Here are the attributes for the dataset. Use this dataset to test your functions.

- Dataset should load the points in the form of a list of lists where each list item represents a point in the space. 
- An example dataset will have the following structure. If there are 3 points in the dataset, this would appear as follows in the list of lists.

```python
dataset = [5,7,9]
  
```

Note:
- A sample dataset to test your code has been provided in the location "data/em_dataset.pickle". Please maintain this as it would be necessary while grading.
- Do not change the variable names of the returned values.
- After calculating each of those values, assign them to the corresponding value that is being returned.

In [18]:
import numpy as np
import math

def em_clustering(centroids, dataset):

#   Input: 
#       1. centroids - A list of lists with each value representing the mean and standard deviation values picked from a gausian distribution.
#       2. dataset - A list of points randomly picked.
#   Output:
#       1. results - Return the updated centroids(updated mean and std values after the EM step) after the first iteration.

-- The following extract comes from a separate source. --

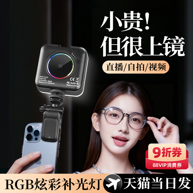 主播补光灯迷你便携式自拍夹手机直播单反相机拍照视频美颜RGB全彩led打光灯手持拍摄神器小型户外豆腐摄影灯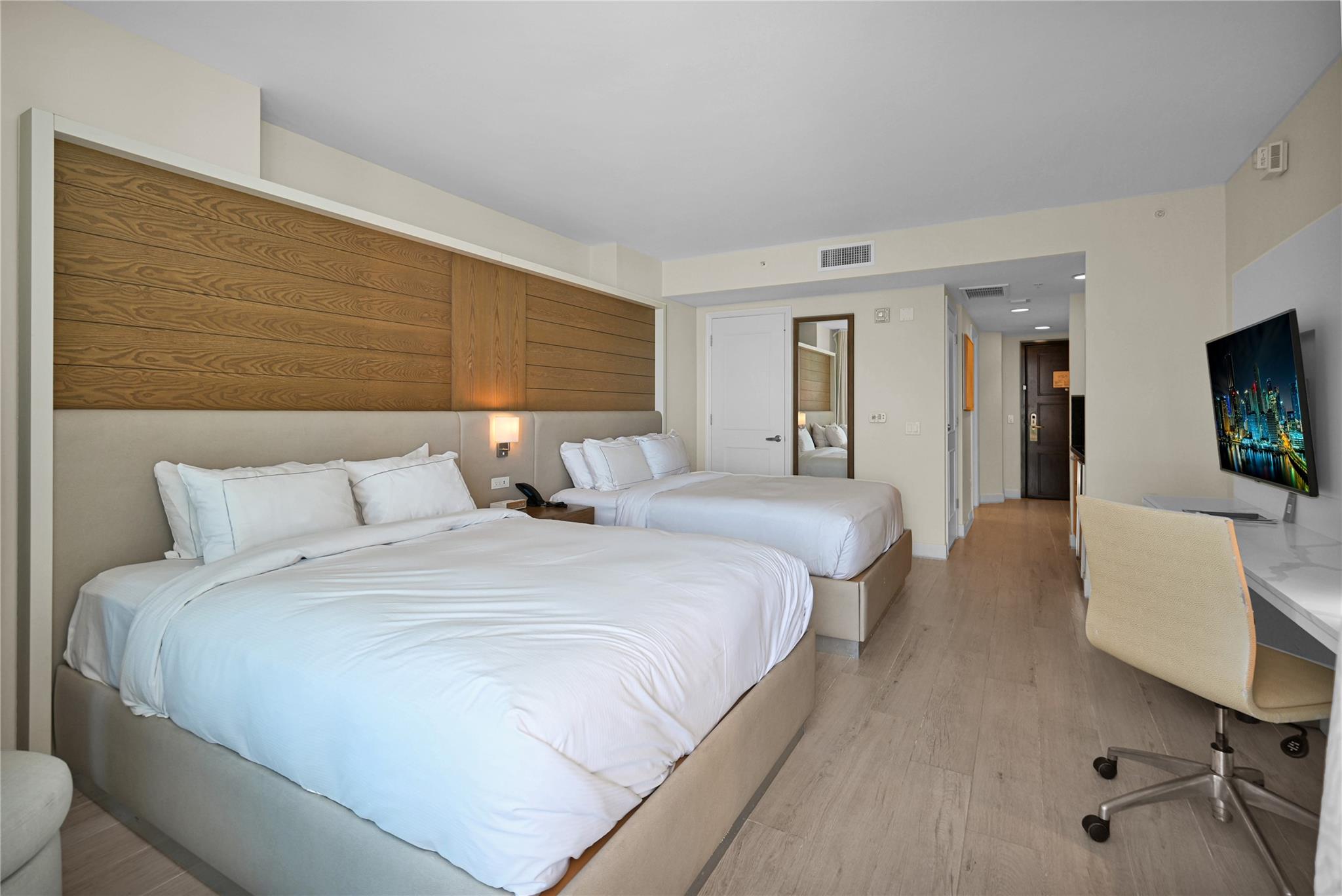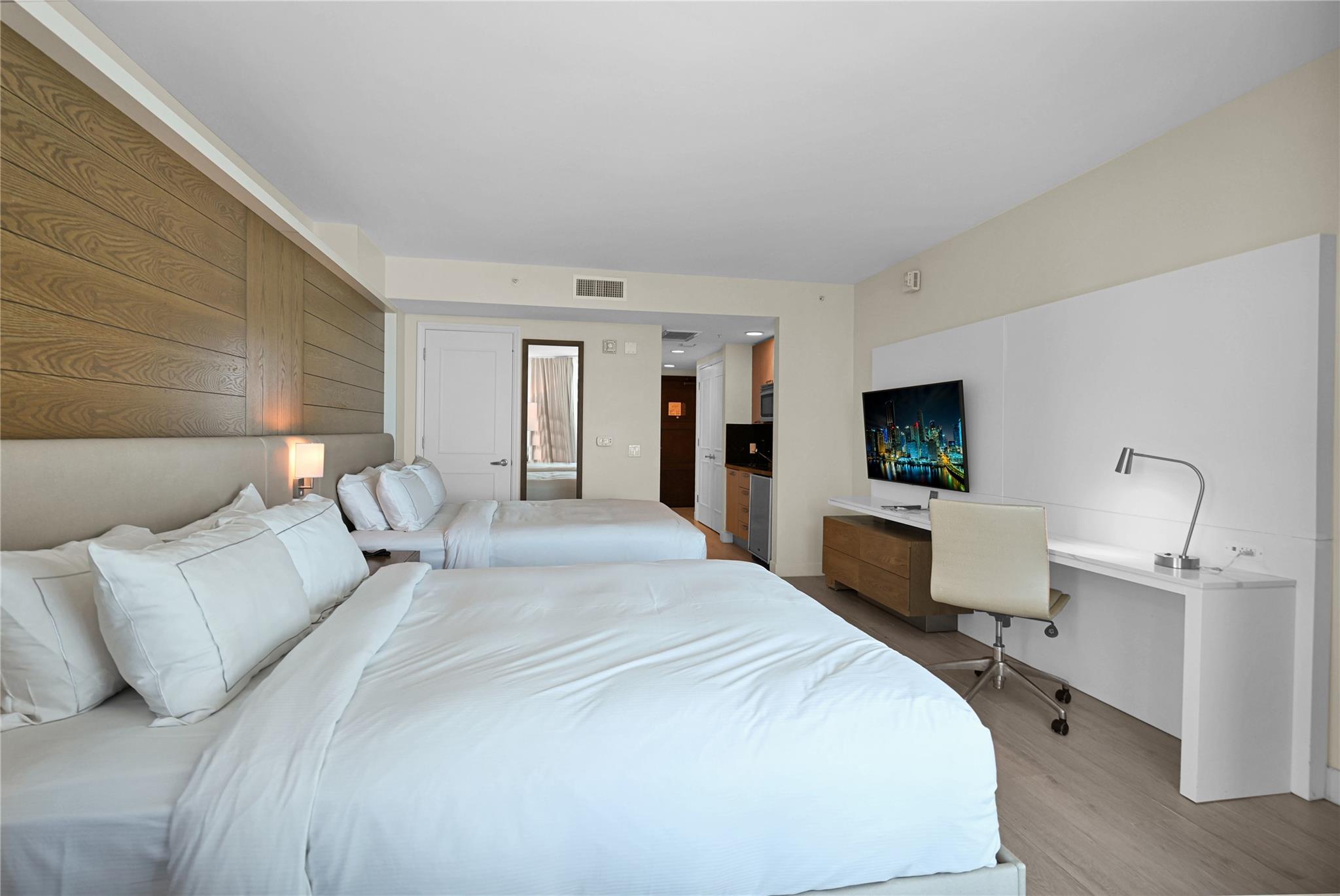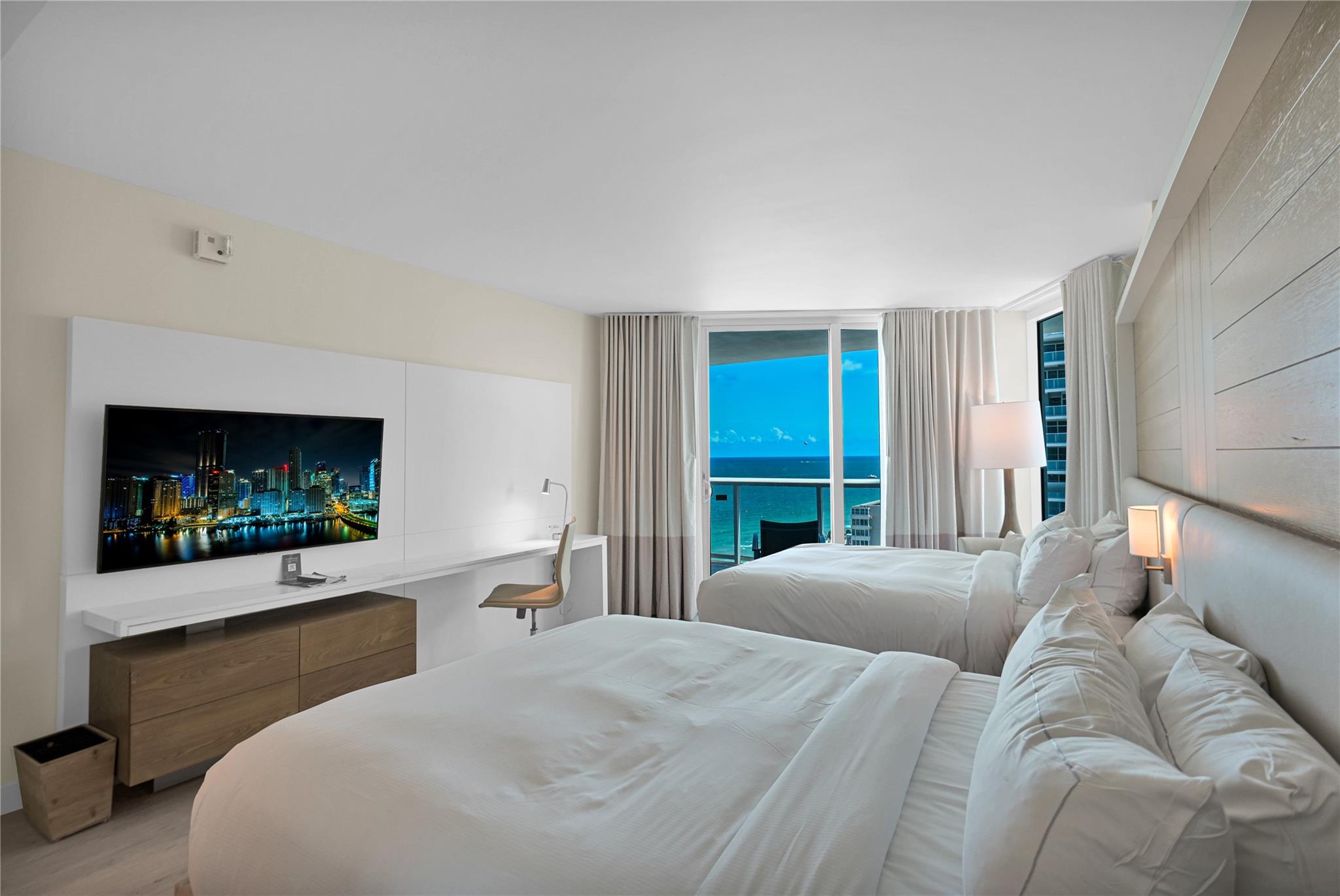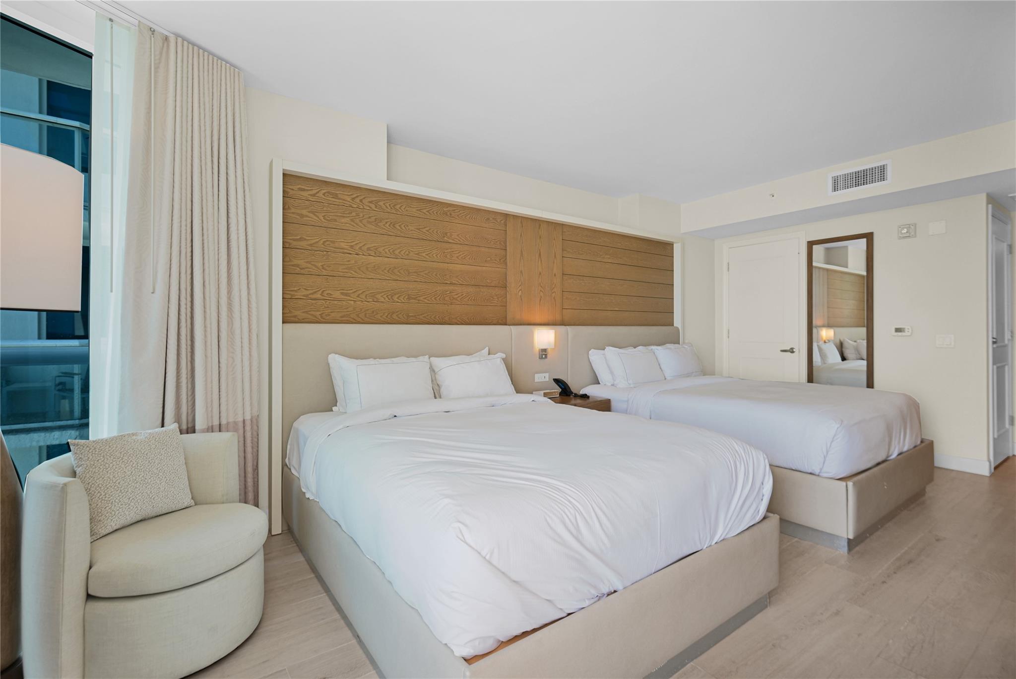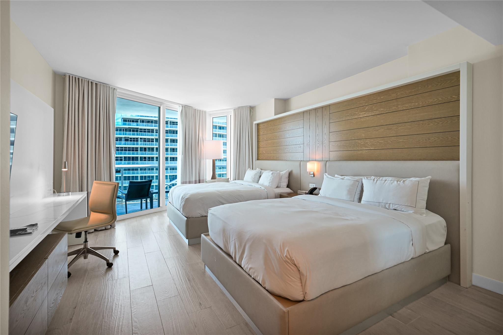 Southeast facing luxury hotel-condominium located on the world-famous Fort Lauderdale Beach is seeking a new owner. Unit 1711 is a fully-furnished two-queen bed suite with kitchen facilities and a wrap-around balcony. Floor-to-ceiling impact windows flood the suite with bright and cheery light. Take advantage of the resort amenities designed with you in mind including a tropical pool, room service, restaurants and bars, spa, and fitness center. Check out the beach, the ocean breeze, and the swaying palms. Enjoy your stay in your very own oasis and rent it out in your absence through the Resort Program to offset the cost of ownership.

    new_centroids = list()
    
    # your code here
    responsibilities = []
    
    for point in dataset:
        
        point_responsibilities = []
        
        for centroid in centroids:
            
            mean, std = centroid
            exponent = - np.square(point-mean) / (2 * np.square(std))
            probability = np.exp(exponent) / (std * np.sqrt(2*np.pi))
            point_responsibilities.append(probability)
            
        total = sum(point_responsibilities)
        
        if total > 0:
           
            normalized_responsibilities = []
            
            for p in point_responsibilities:
                
                normalized_responsibilities.append(p/total)
            
            point_responsibilities = normalized_responsibilities
        
        responsibilities.append(point_responsibilities)
              
    responsibilities = np.array(responsibilities)
    
    for k in range(len(centroids)):
        
        sum_responsibilities = sum(responsibilities[:,k])
        
        if sum_responsibilities > 0:
            
            weighted_sum = 0
            
            for i in range(len(dataset)):
                
                weighted_sum += responsibilities[i,k] * dataset[i]
                
            new_mean = weighted_sum / sum_responsibilities
            
            weighted_squared_sum = 0
            
            for i in range(len(dataset)):
            
                weighted_squared_sum += responsibilities[i,k] * np.square(dataset[i]-new_mean)
            
            new_std = np.sqrt(weighted_squared_sum / sum_responsibilities)
            
            new_centroids.append([new_mean, new_std])
        
        else:
            
            new_centroids.append(centroids[k])
        
    return new_centroids

In [19]:
# This cell has visible test cases that you can run to see if you are on the right track!
# Note: hidden tests will also be applied on randomized datasets for final grading.

import pprint
pp = pprint.PrettyPrinter(depth=4)

with open('./data/sample_centroids_em.pickle', "rb") as fh:
     centroids = pickle.load(fh)
        
with open('./data/sample_dataset_em.pickle', "rb") as fh:
     dataset = pickle.load(fh)

new_centroids = em_clustering(centroids,dataset)

with open('./data/sample_result_em.pickle', "rb") as fh:
     new_centroids_expected = pickle.load(fh)

print(f'The expected result value for the given dataset is:')
pp.pprint(new_centroids_expected)
print(f'\nYour result value is:')
pp.pprint(new_centroids)

The expected result value for the given dataset is:
[[13.346550530668159, 3.236599802533008],
 [7.9971108077796735, 4.473417525043109]]

Your result value is:
[[13.346550530668159, 3.236599802533008],
 [7.997110807779673, 4.473417525043108]]


In [20]:

# This cell has hidden test cases that will run after you submit your assignment.